Bla bla - auch nach dem Verzehr von eines Gummibärchens kann man innerhalb einer Stunde sterben....das hat aber deswegen noch lange nichts mit dem Gummibärchen zu tun....

Homöopathische Hochpotenzglobuli sind keine "Arzneien"  - denn NIEMAND (auch kein "charmpagner") kann ein Arsen C30 Globuli anhand der Wirkung von einem Mercurius C1000 Globuli oder einer banalen Zuckerpille unterscheiden.

Wer als Homöopath anderes behauptet ohne es belegen zu können (und daran scheitern Homöopathen nun schon seit über 200 Jahren) belügt seine Patienten....

Kommentar von charmpagner ,

Ob homöopathische Mittel Arzneien sind, lege ich nicht fest - und du glücklicherweise auch nicht. Wir haben ja eine Europäische Union, in der das geregelt wird. Gummibärchen sind Nahrungsmittel, sie sind weder im europäischen Arzneibuch aufgeführt noch in einer sonstigen Pharmakopöe.

Du solltest mit deinen Äußerungen über dein gefühltes Halbwissen zurückhaltender sein.

Kommentar von MalNachgedacht ,

Und kannst Du nun die "Arzneimittel" Arsen C30 Globuli oder Mercurius C1000 Globuli anhand der Wirkung von einer banalen Zuckerpille unterscheiden?

Falls JA: 

könntest Du Millionen an Preisgeldern abkassieren die auf dieses Kunststück ausgesetzt sind:

https://www.psiram.com/ge/index.php/Preisgelder

Falls NEIN:

Mit welcher Begründung soll Arsen C30 Globuli ein Arzneimittel sein wenn es nicht besser oder auch nur erkennbar anders wirkt wie eine Zuckerpille?

Antwort
von maddie93, 61

Alles was Alkohol enthält ist tabu!!
Medikamente nie nehmen ohne das es mit dem Arzt abgeklärt ist.
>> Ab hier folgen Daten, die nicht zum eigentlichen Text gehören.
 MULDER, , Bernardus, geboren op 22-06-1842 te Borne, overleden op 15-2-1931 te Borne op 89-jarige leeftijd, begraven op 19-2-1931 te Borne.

Diese können dem Kind schaden

Kommentar von maddie93 ,

hab mich verlesen sry

Kommentar von UltraSchoen ,

habe beide (Apis Mellifica C30 und Pulsatilla Q 18) schon genommen. Jetzt mach ich Sorge,wenn das Baby geschadet wird. Pulsatilla Q18 enhät 15 % Ethanol. Kann dem Baby etwas passieren. Bin in der 12. SSW.

Kommentar von maddie93 ,

Ich würde bei deinem frauenarzt anrufen und nachfragen wie es aussieht oder im beipackzettel nachlesen. So schnell schadet es dem Kind schon nicht. Ruf deshalb am besten so bald es geht an und frag nach :) ich frage auch lieber immer nach :)

Kommentar von carn112004 ,

Falls der Frauenarzt weiß, was Apis Mellifica C30 ist, und irgendwas anderes dazu sagt als "Machen sie sich überhaupt keine Sorgen, wegen der einmaligen Einnahme", sollte man sofort den Frauenarzt wechseln.
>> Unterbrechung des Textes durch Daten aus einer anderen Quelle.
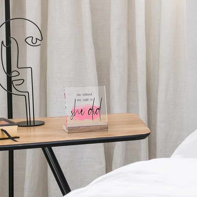 Inspirational Gifts for Women Friends - Motivational Gifts,Promotion Gifts New Job Gifts for Women Congratulations Gifts, 4" Acrylic Plaque - "She Believed She Could So She Did" Home Office Desk Decor

Kommentar von carn112004 ,

"Hocpotente" homöpathische Mittel ohne Alkohol KÖNNEN keinen Schaden verursachen.

Apis Mellifica C30 ist völlig unprolematisch.

Und solche mit Alkohol schaden eben soweit der Alkohol schadet; womit sie, sofern sie von dem Pulsatilla LM 18 nur ein paar ml genommen hat, sich wenig Sorgen machen braucht; sie sollte es halt nicht nochmal nehmen.